The standard N-95 mask filters out both large and small particles when the wearer inhales. It contains an electro-static charge that also catches pathogens. Along with the N-99 respirator, these are really the only types of facial masks that really offer a great level of protection to the wearer from airborne or aerosol particles containing virus.
Two Different Objectives
So, considering the distinction between these two types of protective face masks, the goal of the wearer is either to protect themselves or those around them. If you are wearing a surgical-style mask, and those around you are also wearing a surgical-style mask, then the viral particles that people exhale, including you, are contained for the most part and not as prevalent in the air. This is particularly important in enclosed spaces and those indoor spaces that don’t offer adequate air circulation. This is the most common type of mask worn, along with cloth masks, and has been largely available since the first months of the pandemic.

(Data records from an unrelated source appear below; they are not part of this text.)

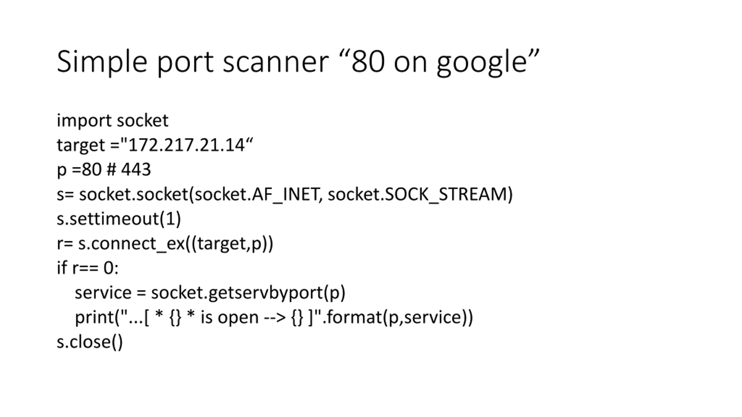 Simple port scanner 80 on google import socket target ="172.217.21.14 p =80 # 443 s= socket.socket(socket.AF_INET, socket.SOCK_STREAM) s.settimeout(1) r= s.connect_ex((target,p)) if r== 0: service = socket.getservbyport(p) print("...[ * {} * is open --> {} ]".format(p,service)) s.close()
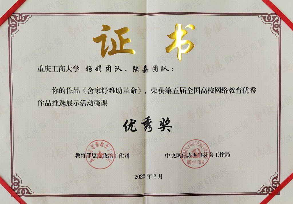 日前,由教育部思想政治工作司、中央网信办网络社会工作局联合举办的第五届全国高校网络教育优秀作品推选展示活动获奖作品名单揭晓,bat365官网报送的作品《舍家纾难助革命》获评优秀奖。
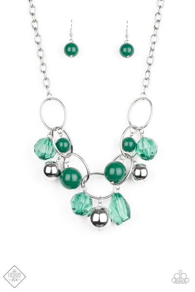 Infused with faceted Ultramarine Green crystal-like beads, a bubbly collection of oversized silver and Ultramarine Green beads swing from the bottom of an interconnected row of bold silver oval frames, creating a colorful fringe below the collar. Features an adjustable clasp closure.
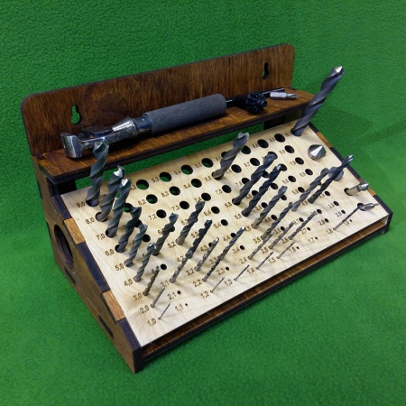 Сборная подставка для сверл диаметрами от 1 до 10 мм с шагом 0,1 мм. Все сверла имеют подписанные ячейки, благодаря чему никогда не потеряются. Органайзер собирается всего из 6-ти деталей, вырезанных из фанеры толщиной 6 мм. Подставка может стоять на столе, или крепиться на стену - для этого предусмотрены отверстия-подвесы. Есть небольшая полочка для дополнительного инструмента, скажем, для ключа от сверлильного патрона.
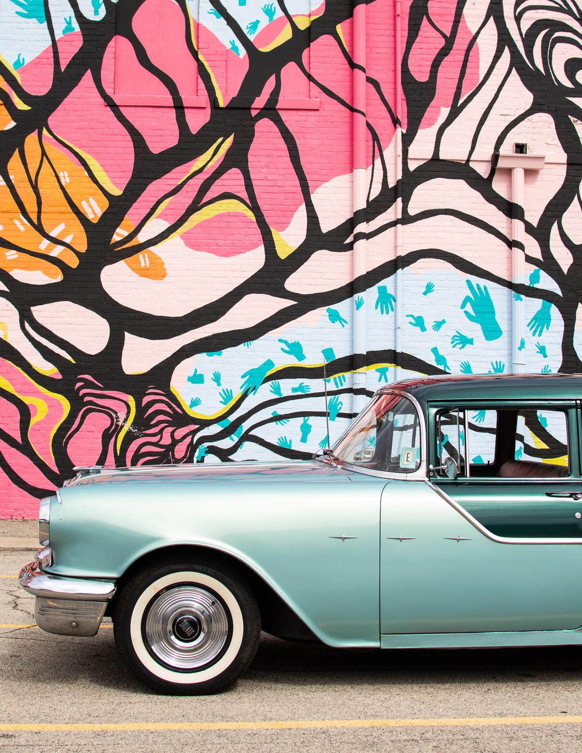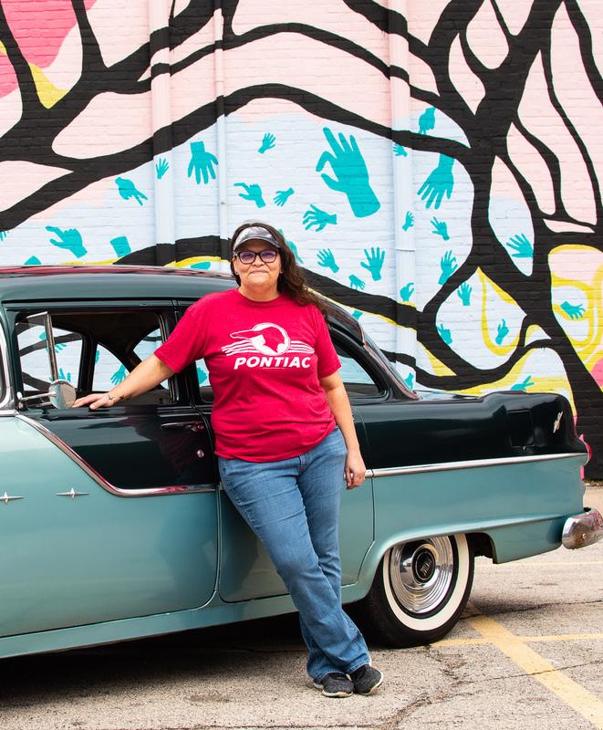 Maggie Mercer leans on her 1955 Pontiac in Muncie, Ind. She found her Pontiac on Facebook Marketplace and traded for her Volkswagen Beetle. Her family bought, sold, and traded for the 13 cars they own. Shannon McCloskey, Ball Bearings

The N-95 mask, which offers the wearer more protection, if the mask if fitted properly, remains in shorter supply to the general public because it is in great demand in hospitals and other healthcare settings. In general practice, this kind of mask needs to be replaced after it has been worn for several hours unless it has been sterilized using vaporized hydrogen peroxide. The problem with cleaning these masks is that they can lose their static charge and be rendered less effective. This is why this type of face mask will be required in large supplies if the Delta variant causes another prolonged surge in COVID cases that overwhelms hospitals and clinicians.
Another Misunderstanding
While this explanation helps clarify the role a face mask plays, along with the two classes of protective face masks, there remains some misunderstanding and mixed messages coming from organizations like the World Health Organization. While the surgical-style masks are believed to play an important role in reducing transmission of the virus, the role of masks worn by asymptomatic people is still debated. If a person with some level of viral load in their throat or nose is not coughing or sneezing, then the likelihood that they can transmit disease, if social distancing is maintained, comes into question.

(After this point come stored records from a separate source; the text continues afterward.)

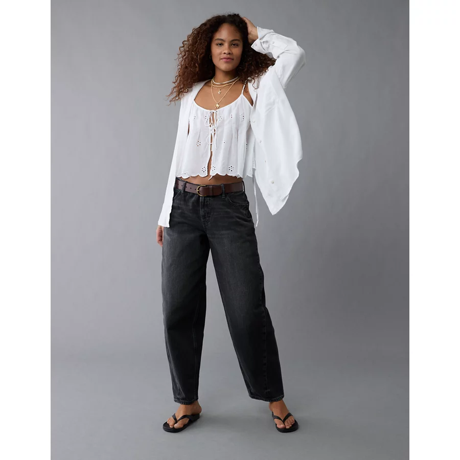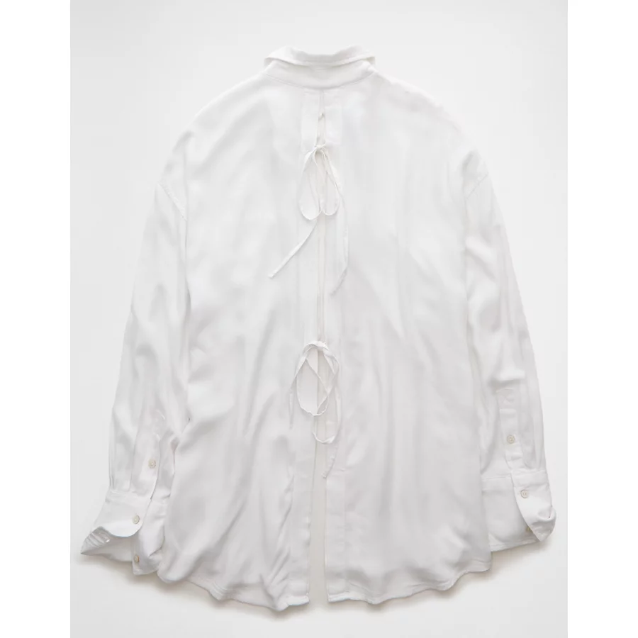 AE Long-Sleeve Tie Back Button-Up Shirt – White
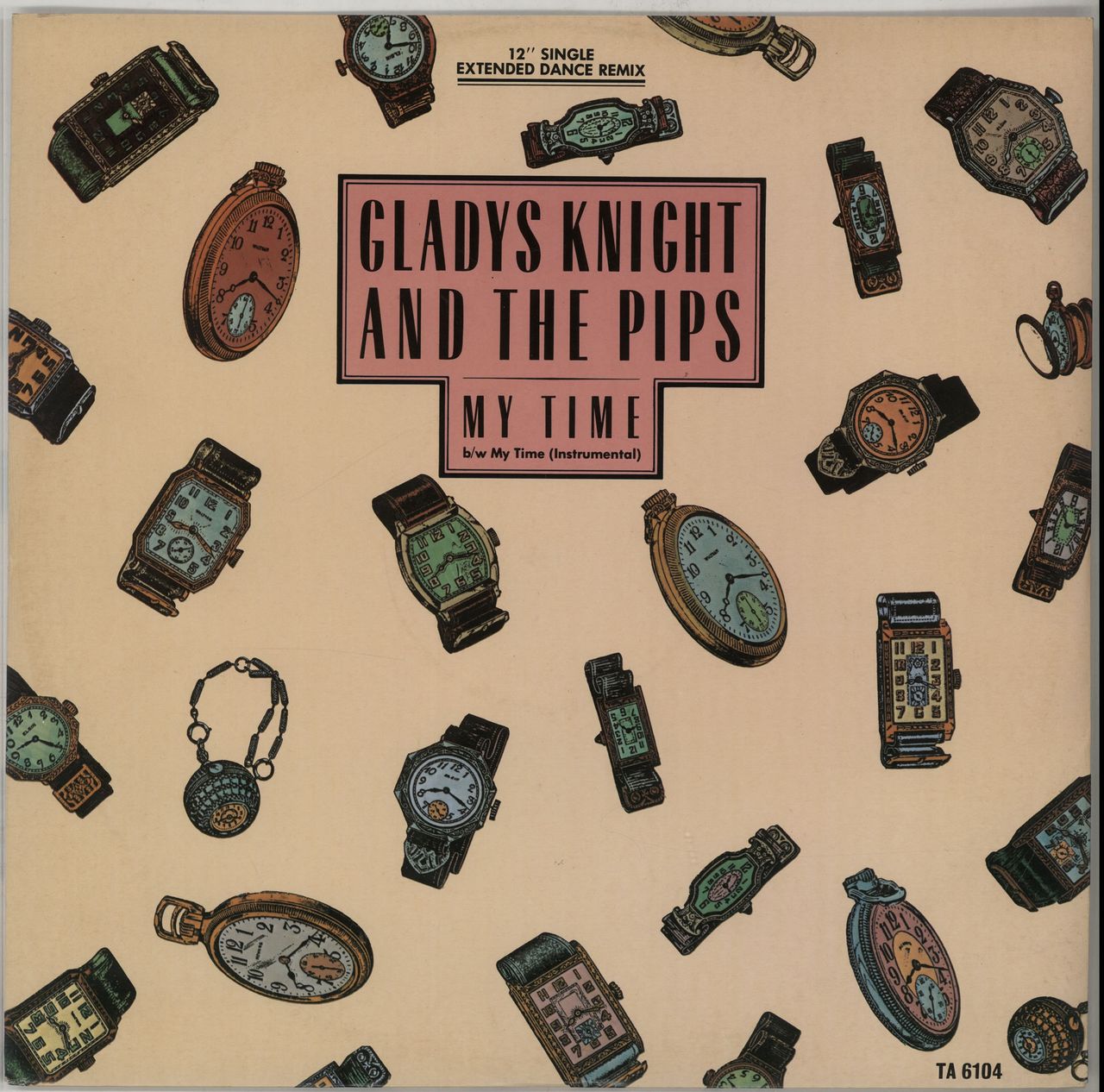 GLADYS KNIGHT & THE PIPS My Time (1985 UK 12" vinyl single, also featuring the Instrumental version, picture sleeve with gold promo stamp on the back TA6104)
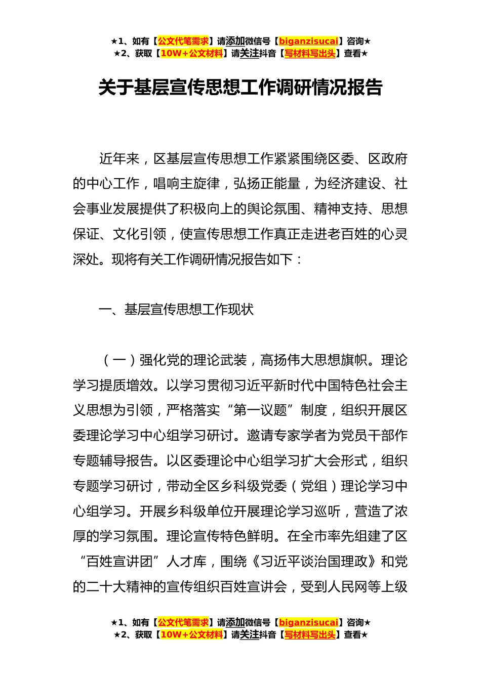 ★1、如有【公文代笔需求】请添加微信号【biganzisucai】咨询★★2、获取【10W+公文材料】请关注抖音【写材料写出头】查看★关于基层宣传思想工作调研情况报告近年来,区基层宣传思想工作紧紧围绕区委、区政府的中心工作,唱响主旋律,弘扬正能量,为经济建设、社会事业发展提供了积极向上的舆论氛围、精神支持、思想保证、文化引领,使宣传思想工作真正走进老百姓的心灵深处。现将有关工作调研情况报告如下:一、基层宣传思想工作现状(一)强化党的理论武装,高扬伟大思想旗帜。理论学习提质增效。以学习贯彻习近平新时代中国特色社会主义思想为引领,严格落实“第一议题”制度,组织开展区委理论学习中心组学习研讨。邀请专家学者为党员干部作专题辅导报告。以区委理论中心组学习扩大会形式,组织专题学习研讨...
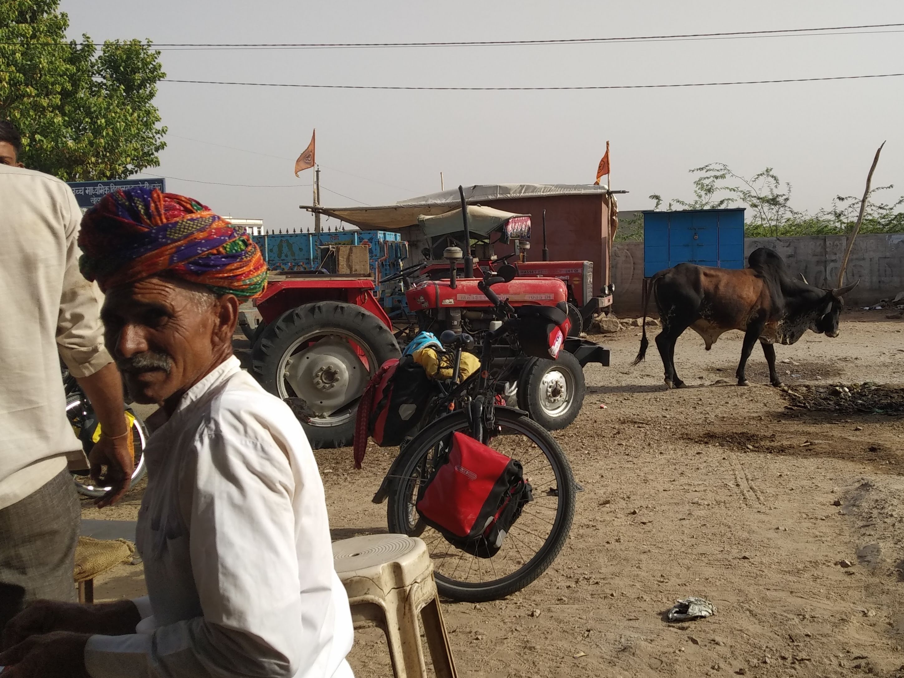 Because it is so hot, we drink lots of water. Finding drinking water is sometimes tricky because normal tap water can make us sick. In this part of India most of the big fuel stations and restaurants have drinking water and when we are in remote areas we use purification tablets. Searching and drinking around 4 liters per day, makes us have lots of cycling breaks and talks with the locals.

In any case, the utilitarian purpose of a protective face mask is either to prevent viral particles from being exhaled into the air around the wearer or to block the inhaling of viral particles that would make the wearer ill. Since those who are vaccinated can still potentially spread viral particles to those around them, the more recent recommendation for all people to mask up has been to mitigate the spread of the more transmissible variants.
The CDC does not consider cloth face coverings to be PPE. Many of the “cloth masks,” that have become the most common choice of face mask, do not have multiple layers or a suitable fit. After they are worn in a potentially virus-rich environment, they should be washed with soap and water. The paper type masks can be disposed of and replaced.

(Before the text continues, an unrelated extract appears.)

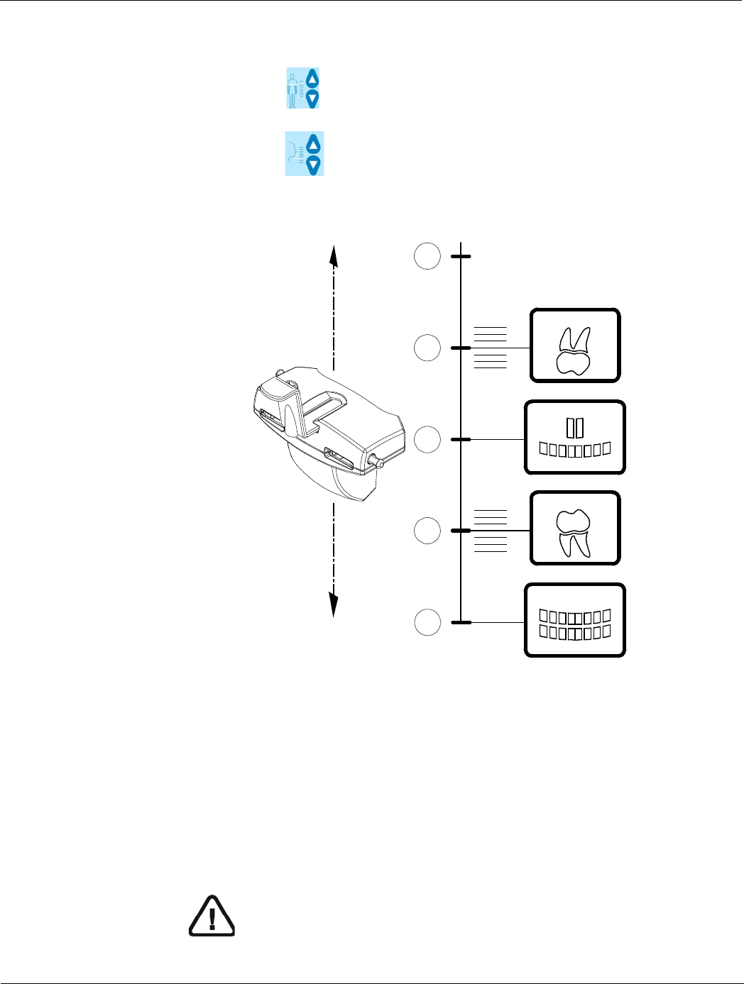6. Press and hold to adjust the chin rest according to the desired exam type

Just as medical personnel have always worn medical-grade face masks, when in the surgical suite or treating those with contagious illnesses, the goal of the mask is simply to act as a barrier.
After entering seven or eight stores the other day, and wearing my worn out N-95 mask that has been doused with Lysol spray 50 times, I am keenly aware that wearing a mask is no fun. Nobody knows when you are smiling and often a mask will muffle what the wearer is saying. We can only hope that we see the day soon when all of our masks are relegated to the back of a drawer.
In the meantime; they are a necessary evil.